Data for review |
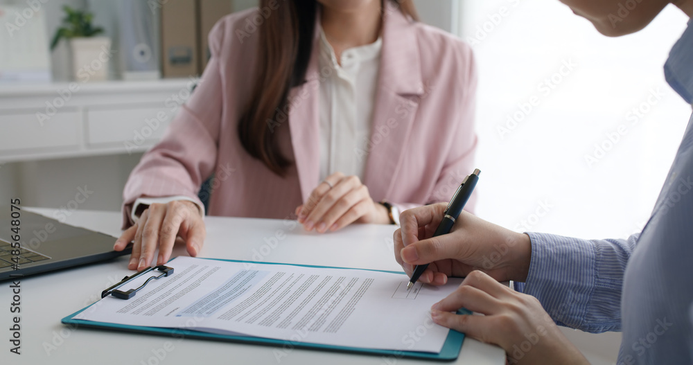Foto Close-up hand asia people woman fill rent loan form write legal debt letter at lawyer home office
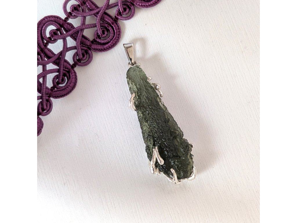 Přívěsek s přírodním vltavínem – ručně vyrobený v Česku
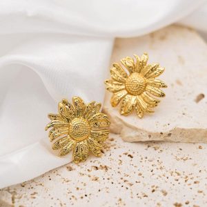 Σκουλαρίκια από ανοξείδωτο ατσάλι με ανάγλυφο σχέδιο λουλουδιού και λεπτομέρειες που προσδίδουν βάθος και υφή. Η οργανική τους φόρμα και το sculpted τελείωμα δημιουργούν ένα κομψό και διαχρονικό αποτέλεσμα, ιδανικό για να ολοκληρώσει κάθε εμφάνιση με φυσική κομψότητα. Ελαφριά και άνετα στο αυτί, φοριούνται εύκολα από το πρωί έως το βράδυ, προσθέτοντας διακριτικό χαρακτήρα και μοντέρνα αισθητική. Υλικό:Ατσάλι
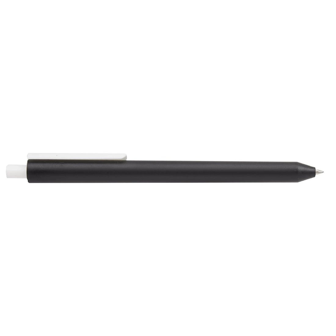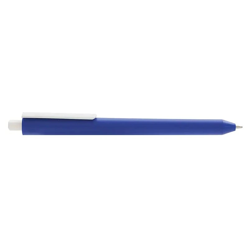 Lápiz confeccionado en ABS, con clip en color blanco. Apertura con pulsador retractil. Tinta azul.
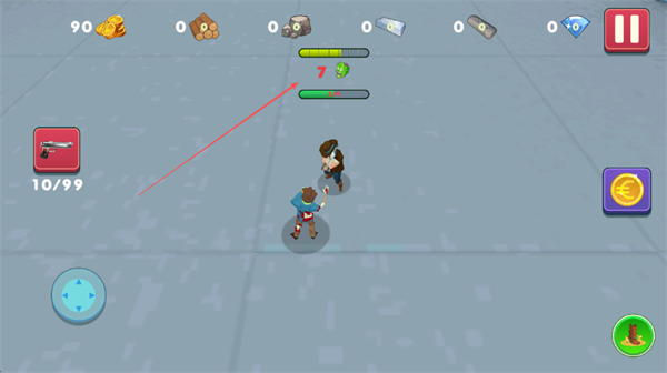 1、關(guān)注上方血量條,與隊(duì)友配合攻擊僵尸,收集金幣提升戰(zhàn)力。
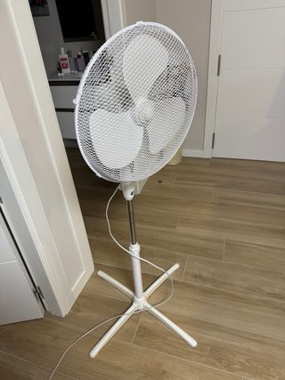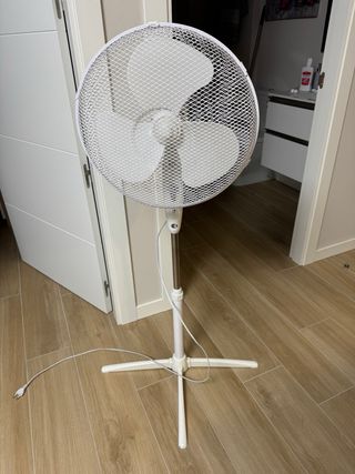 Ventilador de pie blanco. Lo tengo en Vigo
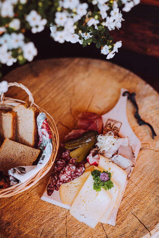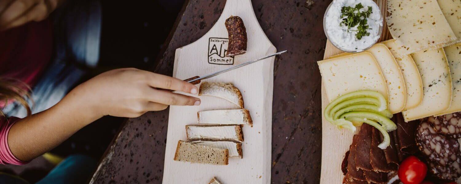 Zu den typischen Schmankerln auf einer bewirtschafteten Almhütte im Salzburger Land zählen die Brettljause, knuspriges Bauernbrot mit Almbutter, Speck, (Wild-) Wurst und Käse. Letzter variiert von Region zu Region, im Lammertal ist man zum Beispiel stolz auf den Tennengauer Almkäse.
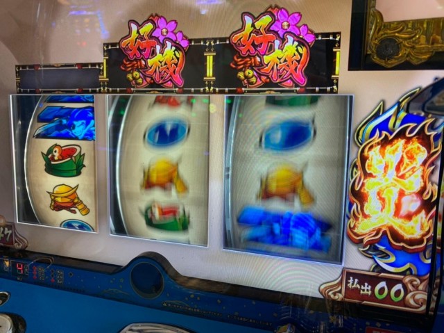 いかに7を揃えられるかでART「隻眼ノ乱」のゲーム数が変わる。それゆえに決戦が大事な機種ですが、なによりこの決戦は消化中も非常に面白く、脳汁ブッシャーっとたぎりまくりな瞬間なワケです。
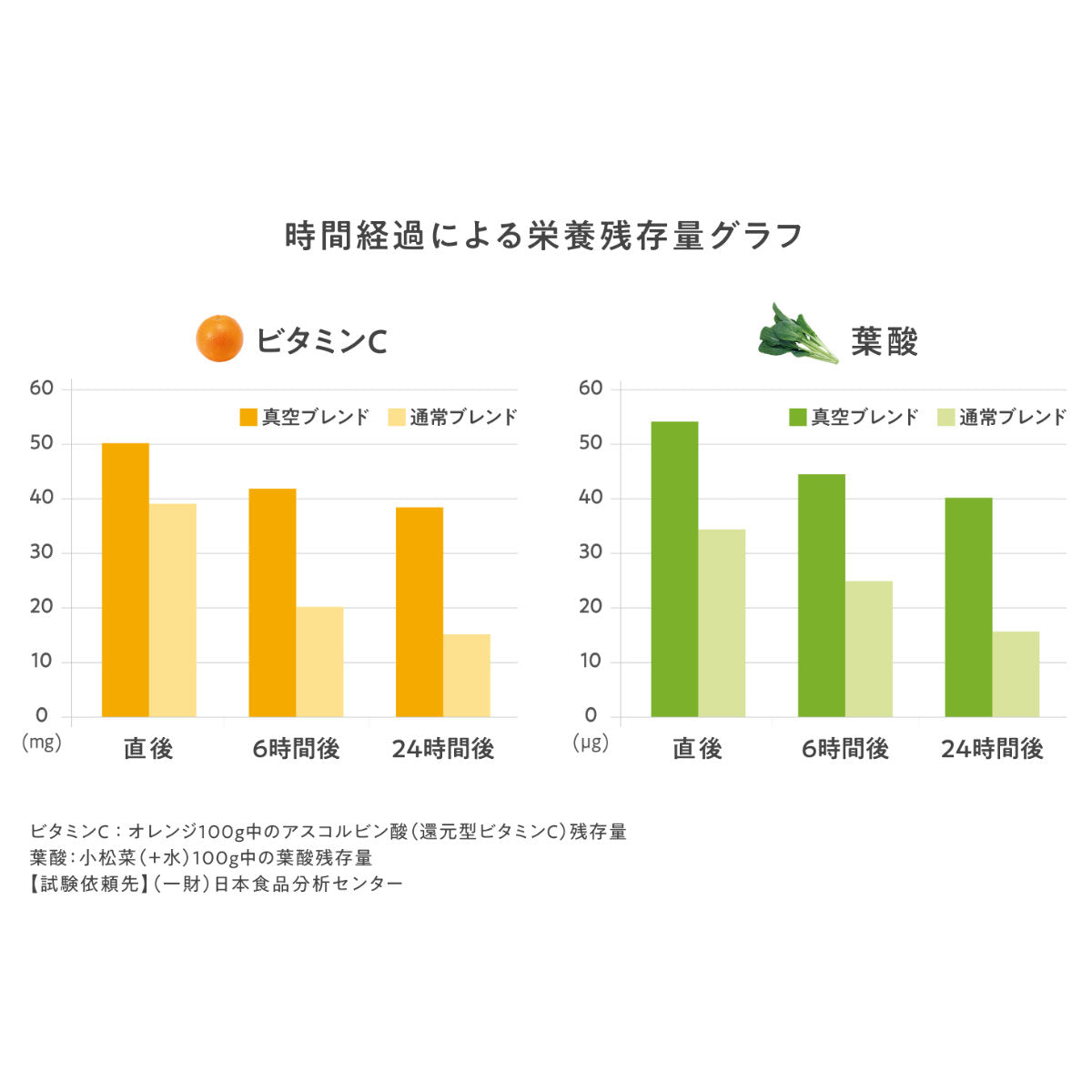 「ビタミンC」、「葉酸」、「ポリフェノール」などの栄養素を空気による酸化から防ぎます。通常のブレンダーと比較すると、真空ブレンダーは時間経過による栄養の損失が少ない事が分かります。

Exercise details |
Please keep the pictures out and reproduce the records above exactly.

Expected answer |
Foto Close-up hand asia people woman fill rent loan form write legal debt letter at lawyer home office
 Přívěsek s přírodním vltavínem – ručně vyrobený v Česku
 Σκουλαρίκια από ανοξείδωτο ατσάλι με ανάγλυφο σχέδιο λουλουδιού και λεπτομέρειες που προσδίδουν βάθος και υφή. Η οργανική τους φόρμα και το sculpted τελείωμα δημιουργούν ένα κομψό και διαχρονικό αποτέλεσμα, ιδανικό για να ολοκληρώσει κάθε εμφάνιση με φυσική κομψότητα. Ελαφριά και άνετα στο αυτί, φοριούνται εύκολα από το πρωί έως το βράδυ, προσθέτοντας διακριτικό χαρακτήρα και μοντέρνα αισθητική. Υλικό:Ατσάλι
 Lápiz confeccionado en ABS, con clip en color blanco. Apertura con pulsador retractil. Tinta azul.
 1、關(guān)注上方血量條,與隊(duì)友配合攻擊僵尸,收集金幣提升戰(zhàn)力。
 Ventilador de pie blanco. Lo tengo en Vigo
 Zu den typischen Schmankerln auf einer bewirtschafteten Almhütte im Salzburger Land zählen die Brettljause, knuspriges Bauernbrot mit Almbutter, Speck, (Wild-) Wurst und Käse. Letzter variiert von Region zu Region, im Lammertal ist man zum Beispiel stolz auf den Tennengauer Almkäse.
 いかに7を揃えられるかでART「隻眼ノ乱」のゲーム数が変わる。それゆえに決戦が大事な機種ですが、なによりこの決戦は消化中も非常に面白く、脳汁ブッシャーっとたぎりまくりな瞬間なワケです。
 「ビタミンC」、「葉酸」、「ポリフェノール」などの栄養素を空気による酸化から防ぎます。通常のブレンダーと比較すると、真空ブレンダーは時間経過による栄養の損失が少ない事が分かります。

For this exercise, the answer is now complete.